O Bureau Interamericano produzia programas especialmente para o rádio latino- americano, chegando a transmitir através de 200 emissoras no continente, além das 12 estações transmissoras de ondas curtas para a América Latina123. Como o objetivo era claramente fazer propaganda da ideologia americana, esses programas eram dirigidos por publicitários e não por radialistas.
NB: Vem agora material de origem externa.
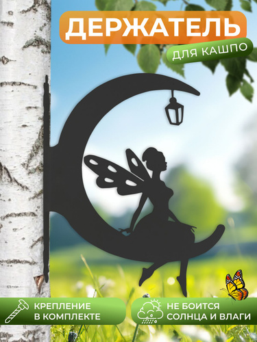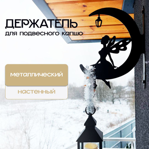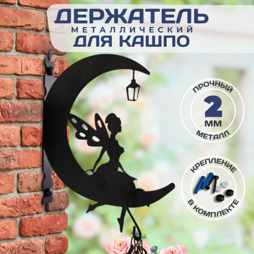Держатель для кашпо настенный подвесной металлический Фея на Луне, кронштейн для кашпо уличный настенный

O Brasil, por ter um idioma diferente do restante da América Latina e por sua dimensão e sua importância estratégica, ganhou produtos feitos exclusivamente para ele.

O Birô contratou jornalistas brasileiros que adaptassem as notícias às necessidades e peculiaridades do país. Deste modo, a seção de rádio do Birô no Rio de Janeiro podia orgulhar-se em 1943 de distribuir programas de notícias para 92 estações de rádio brasileiras. Um sem número de programas ouvidos pelos brasileiros provinha do Birô... O programa “A marcha de guerra” entremeava comentários informais às principais notícias do dia, além de entrevistar altas autoridades sobre a “perspectiva brasileira” a propósito da marcha da guerra. (MOURA, 1984, p. 45)

Em 1943, se intensificou a agressiva campanha em prol dos aliados e contra os países que formavam o campo oposto da II Guerra Mundial, com a produção de programas específicos com esse objetivo, entre eles “O ‘Barão Eixo’ (que procurava responder à

7 propaganda de rádio de Berlim, transmitida para o Brasil) e ‘O Brasil na Guerra’ (acentuando a contribuição brasileira aos Aliados)” (MOURA, 1984, p. 46).

Além de contribuir com conteúdo, o Bureau também ajudou a desenvolver economicamente o rádio brasileiro. Como os Estados Unidos fincavam aqui as estacas das multinacionais americanas, como Coca-Cola, General Eletric, Standard Oil e RCA Victor, era preciso fazer com que esses produtos fossem assimilados ao cotidiano do brasileiro. Nesse sentido, o rádio foi fundamental para sua divulgação.

O veículo foi eleito como principal pólo divulgador desses novos produtos. Para isso, foram trazidas também agências de publicidade norte-americanas, como a J.W. Thompson e a MacCann-Erickson, que priorizaram o rádio como veículo anunciante, o que ajudou a fortalecer ainda mais essa mídia.

A “padaria da esquina” foi substituída por produtos como a Coca-Cola nos reclames. Outro impacto provocado pela vinda de agências americanas para o Brasil foi a incorporação do modelo americano de agregar ao título dos programas a marca do patrocinador, que passava a custear toda a produção em troca da exclusividade.

Essas empresas, como a General Eletric, Starndard Oil, RCA Victor lançam os seus produtos no mercado brasileiro e, com elas, chegam também as grandes agências de publicidade: J.W. Thompson e McCann-Erickson, entre outras... Os patrocinadores passam a ter suas marcas e produtos associados aos títulos dos programas: Teatro Good-Year, Recital Johnson, Programa Bayer e Calendário Kolynos. (MOREIRA, 1991, p.24)

A invasão de norte-americanos nas freqüências radiofônicas fez com que os Departamentos Comerciais das emissoras fossem desenvolvidos. Com a maior procura por espaços comerciais para divulgar os novos produtos que entravam no Brasil, aumentou o volume e o valor cobrado pelos “reclames”. Impulsionadas por este maior faturamento, as

8 estações deram um salto no processo de profissionalização de sua programação, com maior valorização e qualificação da mão-de-obra e aquisição de equipamentos mais modernos e transmissores mais potentes.

Podendo pagar um salário maior, as emissoras começaram a disputar os melhores profissionais do mercado e a criar seus quadros exclusivos de cantores, atores, músicos, locutores, radialistas e técnicos. Isso fez com que se acirrasse a concorrência. A estação que tivesse mais ouvintes teria, conseqüentemente, maior quantidade de anúncios, além de poder cobrar mais caro por eles.